Responses to Literature

  1. Review modern definitions of feminism. Do Rebecca West's writings reflect any contemporary views? How do her views differ?
  2. In West's travelogue of Yugoslavia, Black Lamb and Grey Falcon, how does she portray the native populations? Does she take sides between the Serbs and Croats?
  3. What do you think West meant when she said “I only know that people call me a Feminist whenever I express sentiments that differentiate me from a doormat or a prostitute”?
  4. Do you agree with West's assertion in The New Meaning of Treason that there are secrets of science—such as nuclear weapons—that should not be shared with enemy nations? Why or why not?

COMMON HUMAN EXPERIENCE

Rebecca West was a notable feminist journalist, critic, and author. Works by other well-known feminist writers include:

The Feminine Mystique (1963), a book by Betty Friedan. Often cited as having launched the modern women's movement, Friedan's book condemned the widely held belief that women's lives existed solely to cook, clean, and raise children.

A Room of One's Own (1929), an extended essay by Virginia Woolf. Based on a series of lectures, this work examines women's capabilities as authors and the obstacles they face.

The Bell Jar (1963), a novel by Sylvia Plath. Although not explicitly a feminist work, this novel, closely based on Plath's own life and struggles with mental illness, strikes several strongly feminist chords, as in the famous quote, “What I hate is being under a man's thumb.”

BIBLIOGRAPHY

Books

Deakin, Motley F. Rebecca West. London: Twayne, 1980.
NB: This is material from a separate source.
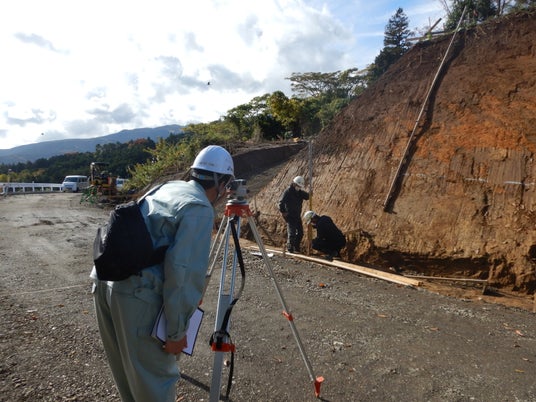 農道工事の現場での施工状況の確認
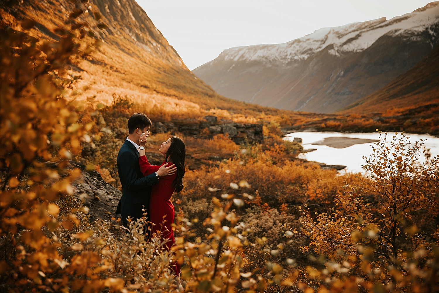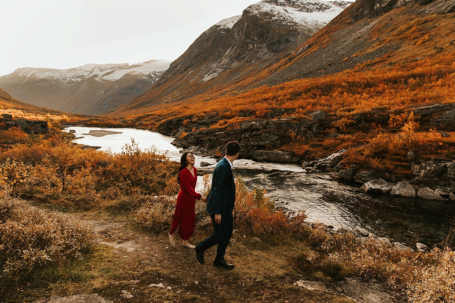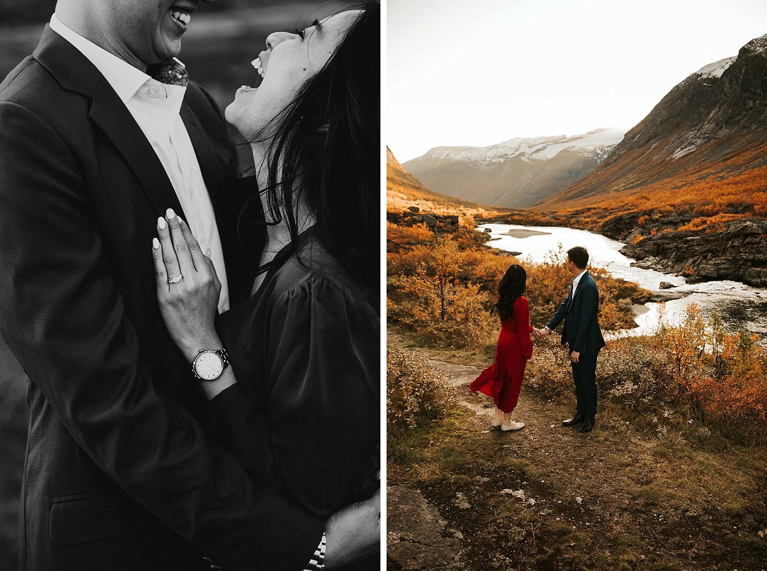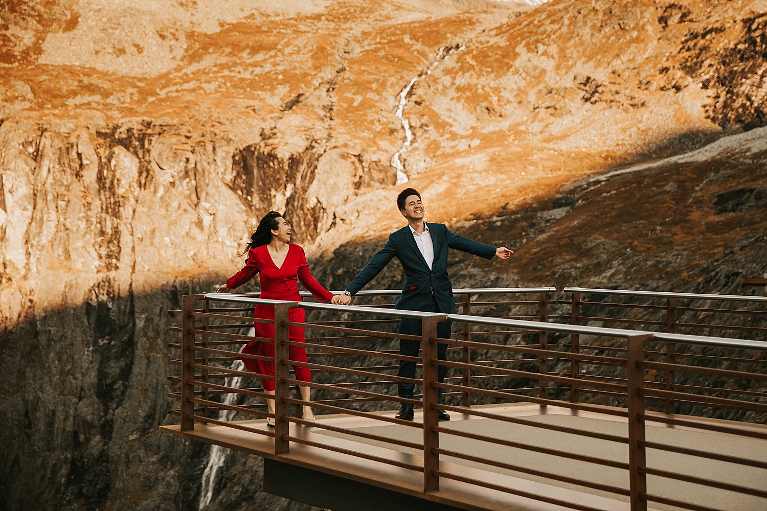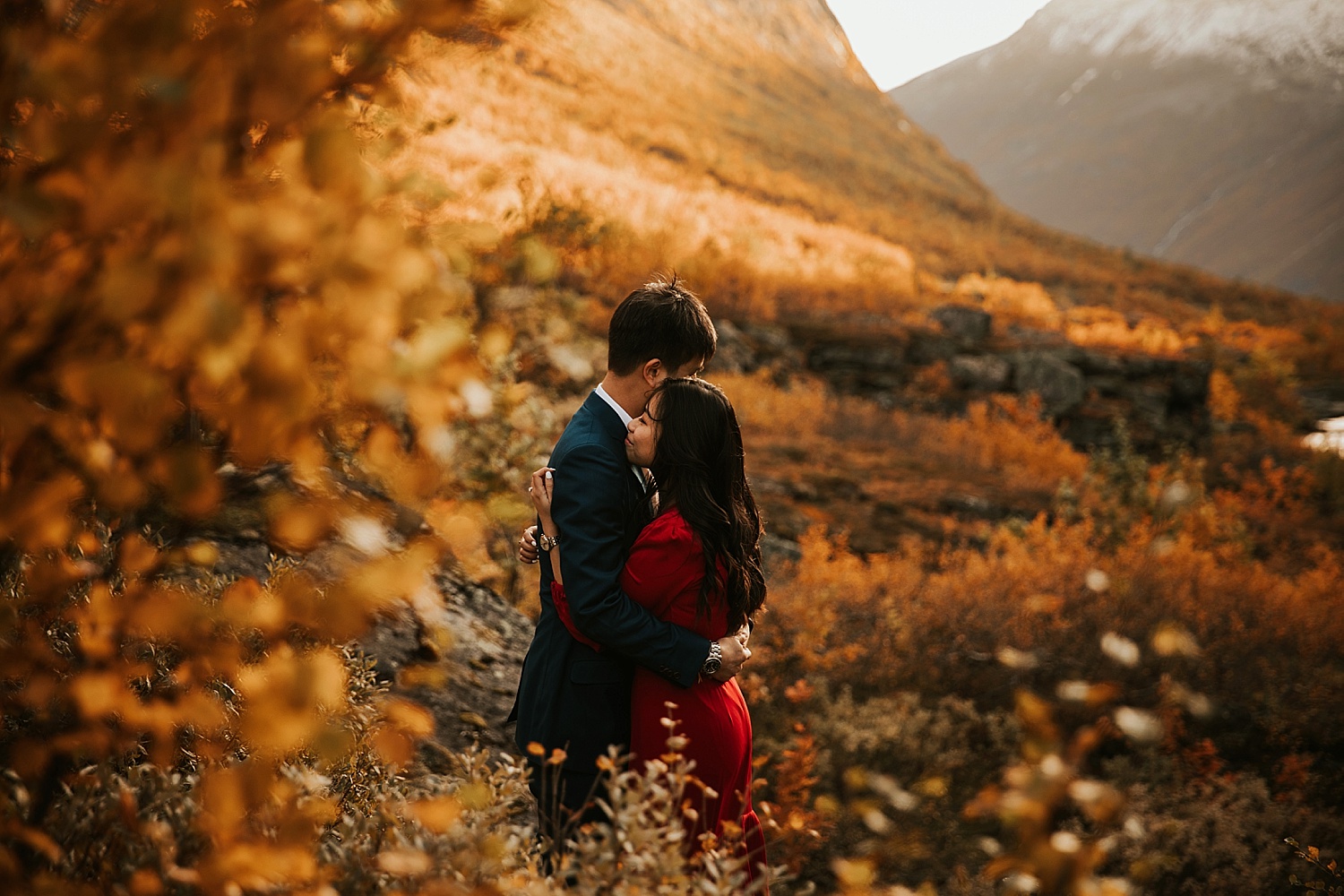 I was super excited when Evetor and Gawaine contacted me about doing a shoot during their trip to Norway! They came all the way from Singapore to the cold Norwegian mountains, dressed in beautiful fall colours. And you can only imagine that I got even more excited when Gawaine suddenly contacted me without Evetor knowing, and told me that he was planning to propose during the shoot, while I was there to capture the moment. So it’s safe to say that this was a shoot a bit out of the ordinary, and it was so special to be a part of! So scroll your way down to see Evetors reaction to the proposal, and enjoy these photos of two happy souls in the gorgeous mountainscapes of Romsdal and Valldal :)

Dickinson, Lovat. H. G. Wells: His Turbulent Life and Times. New York: Atheneum, 1969.

Hammond, J. R. H. G. Wells and Rebecca West. New York: St. Martin's, 1991.

Marcus, Jane. The Young Rebecca. New York: Viking, 1982.

Packer, Jean Garrett. Rebecca West: An Annotated Bibliography. New York: Garland, 1991.

Redd, Tony. Rebecca West: Master of Reality. Columbia: University of South Carolina Press, 1972.

Wolfe, Peter. Rebecca West: Artist and Thinker. Carbondale: Southern Illinois University Press, 1971.